The SSTR sequences from the following Ensembl genome databases were collected and their database identifiers and locations noted: Homo sapiens (human), Mus musculus (mouse), Canis familiaris (dog), Monodelphis domestica (grey short-tailed opossum), Gallus gallus (chicken), Anolis carolinensis (Carolina anole lizard), Silurana (Xenopus) tropicalis (Western clawed frog), Latimeria chalumnae (Comoran coelacanth), Danio rerio (zebrafish), Oryzias latipes (medaka), Gasterosteus aculeatus (three-spined stickleback), Tetraodon nigroviridis (green spotted pufferfish), Takifugu rubripes (fugu), Ciona intestinalis (vase tunicate) and Drosophila melanogaster (fruit fly). Database identifiers, location data and annotation notes of all SSTR sequences, as well as genome assembly versions for each species, are listed in Additional file 7.
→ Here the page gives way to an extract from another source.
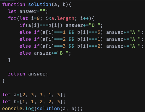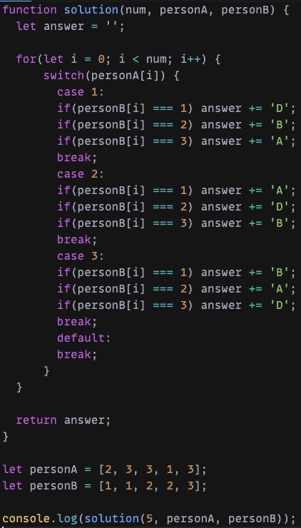 ๊ธฐ์ค์ A(personA)์๊ฒ ๋ง์ถ์ด์ switch ์กฐ๊ฑด๋ฌธ์ ์ฌ์ฉํ๋ค. ํฌ๊ฒ 3๊ฐ์ง์ ๊ฒฝ์ฐ๋ก case๋ฌธ์ ๋๋ ์ ๊ฐ ๊ฐ์ ๋ฐ์ ๋ณด ์ํฉ ์์์ ๋์ฌ ์ ์๋ ๊ฒฝ์ฐ๋ฅผ ๋ค์ if ์กฐ๊ฑด๋ฌธ์ ์ฌ์ฉํ์ฌ ์ด์ ๋ง๋ ๊ฒฐ๊ณผ๊ฐ์ answer ๋ณ์์ ์ ์ฌํด ์ฃผ์๋ค.
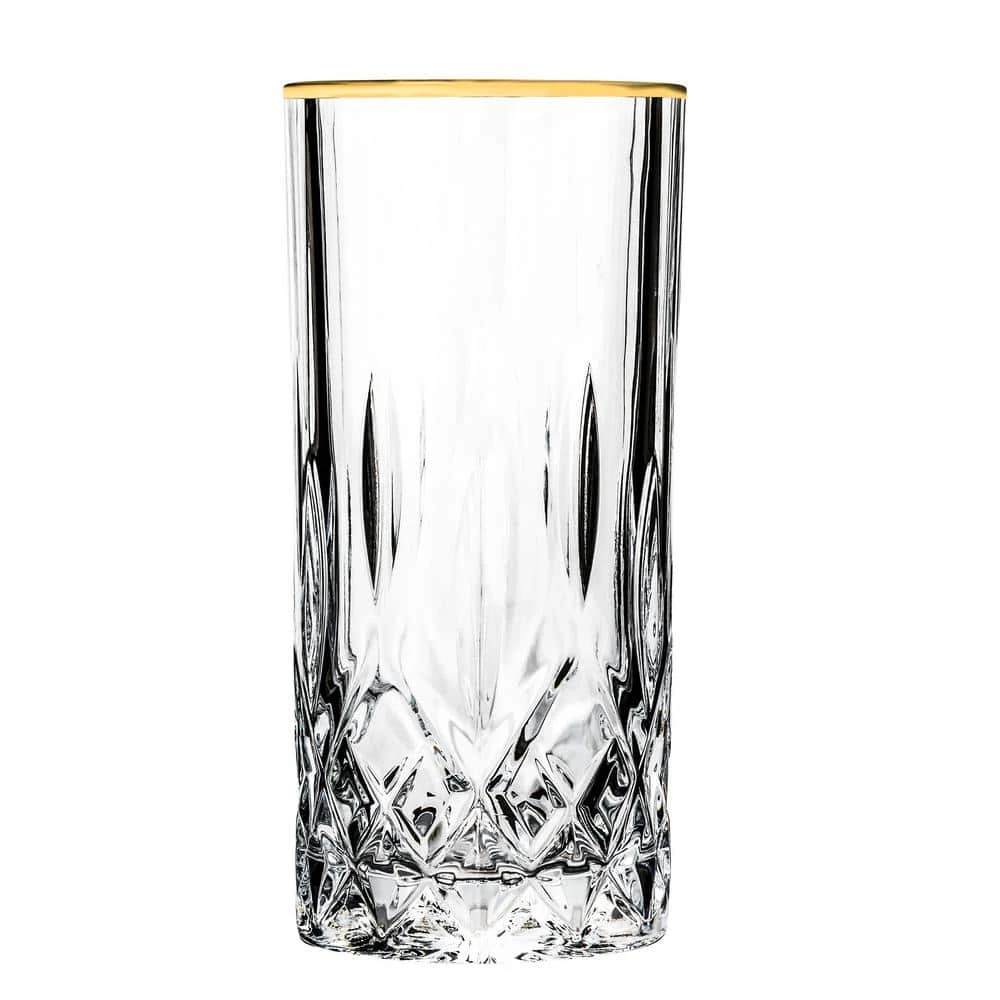 This Highball glass from the Lorren Home Trends Opera Collection has a classic cut design with an ageless look and beauty. Set of 6 is perfect for entertaining and serving that perfect cocktail. Each glass is made in the Tuscan region of Italy and holds 12 ounces. Durable and practical, these glasses feature an elegant gold band trim. Each glass weighs .75 pounds and measures 2.75″ x 2.75″ x 6″. Hand Wash.

To account for possible failures in the automatic identification of SSTR protein family members TBLASTN searches were also carried out in the Ensembl databases as well as in the National Center for Biotechnology Information (NCBI) Reference Sequence and trace archive databases using the known human SSTR sequences as queries. Branchiostoma floridae (Florida lancelet, amphioxus) genomic scaffolds were sought by TBLASTN searches in the NCBI Reference Sequence database using the known human family member sequences as queries. Additionally, complementary searches for teleost fish sequences were performed in the NCBI reference sequence database using the identified zebrafish SSTR1 and SSTR6 sequences.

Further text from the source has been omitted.